In hardware and software models of neural networks, the processing of synapse related functions can be based on synaptic type. Synapse types may be non-plastic synapses (no changes of weight and delay), plastic synapses (weight may change), structural delay plastic synapses (weight and delay may change), fully plastic synapses (weight, delay and connectivity may change), and variations thereupon (e.g., delay may change, but no change in weight or connectivity). The advantage of multiple types is that processing can be subdivided. For example, non-plastic synapses may not require plasticity functions to be executed (or waiting for such functions to complete). Similarly, delay and weight plasticity may be subdivided into operations that may operate together or separately, in sequence or in parallel. Different types of synapses may have different lookup tables or formulas and parameters for each of the different plasticity types that apply. Thus, the methods would access the relevant tables, formulas, or parameters for the synapse's type.

There are further implications of the fact that spike-timing dependent structural plasticity may be executed independently of synaptic plasticity. Structural plasticity may be executed even if there is no change to weight magnitude (e.g., if the weight has reached a minimum or maximum value, or it is not changed due to some other reason) s structural plasticity (i.e., an amount of delay change) may be a direct function of pre-post spike time difference. Alternatively, structural plasticity may be set as a function of the weight change amount or based on conditions relating to bounds of the weights or weight changes. For example, a synapse delay may change only when a weight change occurs or if weights reach zero but not if they are at a maximum value. However, it may be advantageous to have independent functions so that these processes can be parallelized reducing the number and overlap of memory accesses.

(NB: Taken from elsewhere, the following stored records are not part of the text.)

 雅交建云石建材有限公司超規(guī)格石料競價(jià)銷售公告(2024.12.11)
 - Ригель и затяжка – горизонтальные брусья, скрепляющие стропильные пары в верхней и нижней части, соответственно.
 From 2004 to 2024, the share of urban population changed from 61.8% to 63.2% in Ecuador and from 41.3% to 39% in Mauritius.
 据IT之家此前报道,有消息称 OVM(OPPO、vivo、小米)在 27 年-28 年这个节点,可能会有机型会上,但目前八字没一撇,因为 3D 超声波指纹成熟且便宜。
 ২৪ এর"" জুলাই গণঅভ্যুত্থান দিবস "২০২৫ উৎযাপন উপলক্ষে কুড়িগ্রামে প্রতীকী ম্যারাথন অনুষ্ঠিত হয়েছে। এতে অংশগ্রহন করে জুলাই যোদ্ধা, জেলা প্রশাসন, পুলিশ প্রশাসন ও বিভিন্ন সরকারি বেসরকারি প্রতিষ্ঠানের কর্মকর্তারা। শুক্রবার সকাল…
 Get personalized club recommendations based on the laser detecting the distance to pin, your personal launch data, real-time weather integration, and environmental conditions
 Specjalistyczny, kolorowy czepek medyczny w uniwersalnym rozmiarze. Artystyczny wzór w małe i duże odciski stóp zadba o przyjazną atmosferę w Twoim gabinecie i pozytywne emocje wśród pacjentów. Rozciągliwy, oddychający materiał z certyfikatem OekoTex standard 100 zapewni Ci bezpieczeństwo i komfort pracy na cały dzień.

Determination of Synaptic Plasticity

Neuroplasticity (or simply “plasticity”) is the capacity of neurons and neural networks in the brain to change their synaptic connections and behavior in response to new information, sensory stimulation, development, damage, or dysfunction. Plasticity is important to learning and memory in biology, as well as for computational neuroscience and neural networks. Various forms of plasticity have been studied, such as synaptic plasticity (e.g., according to the Hebbian theory), spike timing-dependent plasticity (STDP), non-synaptic plasticity, activity-dependent plasticity, structural plasticity and homeostatic plasticity.

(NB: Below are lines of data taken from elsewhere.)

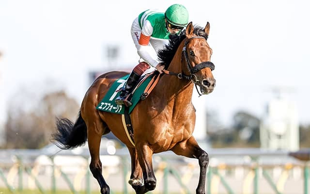 エフフォーリアは父エピファネイア、母ケイティーズハート、母の父ハーツクライ。従兄にアドマイヤムーンがいる血統。通算成績は3戦3勝。
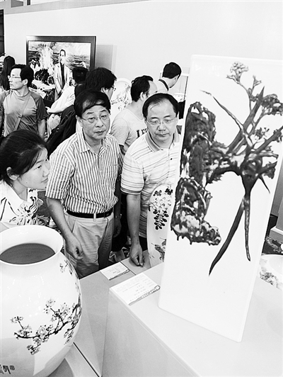 上图:7月31日,观众在参观展出的陶瓷作品。当日,景德镇大型红色主题陶瓷艺术展在南昌开始全国巡展。据了解,该展览还将在北京国家博物馆、上海展览中心和广州岭南艺术馆等进行巡回展览。 新华社记者 周 科摄
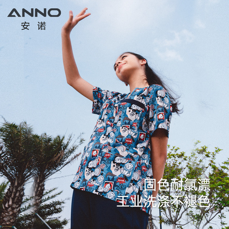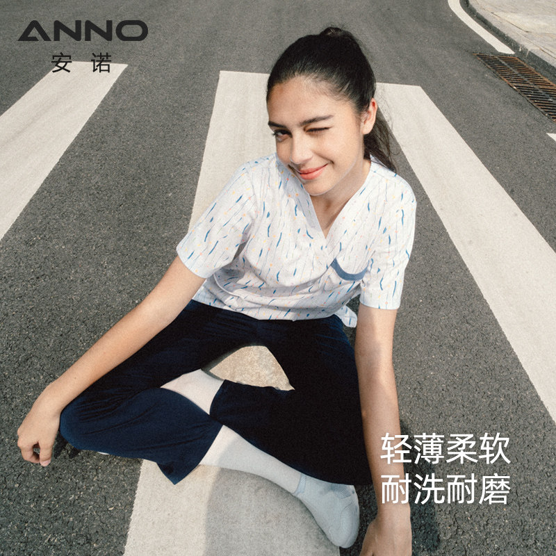 安诺印花洗手服护士服手术室衣服隔离衣男女口腔诊所制服短袖

STDP is a learning process that adjusts the strength of synaptic connections between neurons. The connection strengths are adjusted based on the relative timing of a particular neuron's output and received input spikes (i.e., action potentials). Under the STDP process, long-term potentiation (LTP) may occur if an input spike to a certain neuron tends, on average, to occur immediately before that neuron's output spike. Then, that particular input is made somewhat stronger. On the other hand, long-term depression (LTD) may occur if an input spike tends, on average, to occur immediately after an output spike. Then, that particular input is made somewhat weaker, and hence the name “spike-timing-dependent plasticity.” Consequently, inputs that might be the cause of the postsynaptic neuron's excitation are made even more likely to contribute in the future, whereas inputs that are not the cause of the postsynaptic spike are made less likely to contribute in the future. The process continues until a subset of the initial set of connections remains, while the influence of all others is reduced to an insignificant level.

Because a neuron generally produces an output spike when many of its inputs occur within a brief period (i.e., being cumulative sufficient to cause the output), the subset of inputs that typically remains includes those that tended to be correlated in time. In addition, because the inputs that occur before the output spike are strengthened, the inputs that provide the earliest sufficiently cumulative indication of correlation will eventually become the final input to the neuron.

The STDP learning rule may effectively adapt a synaptic weight of a synapse connecting a presynaptic neuron to a postsynaptic neuron as a function of time difference between spike time t_preof the presynaptic neuron and spike time t_postof the postsynaptic neuron (i.e., t=t_post−t_pre). A typical formulation of the STDP is to increase the synaptic weight (i.e., potentiate the synapse) if the time difference is positive (the presynaptic neuron fires before the postsynaptic neuron), and decrease the synaptic weight (i.e., depress the synapse) if the time difference is negative (the postsynaptic neuron fires before the presynaptic neuron).

In the STDP process, a change of the synaptic weight over time may be typically achieved using an exponential decay, as given by:

$\begin{matrix} Δ w (t) = {\begin{matrix} a_{+} e^{- t / k_{+}} + μ, t > 0 \\ a_{-} e^{t / k_{-}}, t < 0 \end{matrix}, & (1) \end{matrix}$

where k₊ and k₋τ_sign(Δt)are time constants for positive and negative time difference, respectively, a₊ and a₋are corresponding scaling magnitudes, and μ is an offset that may be applied to the positive time difference and/or the negative time difference.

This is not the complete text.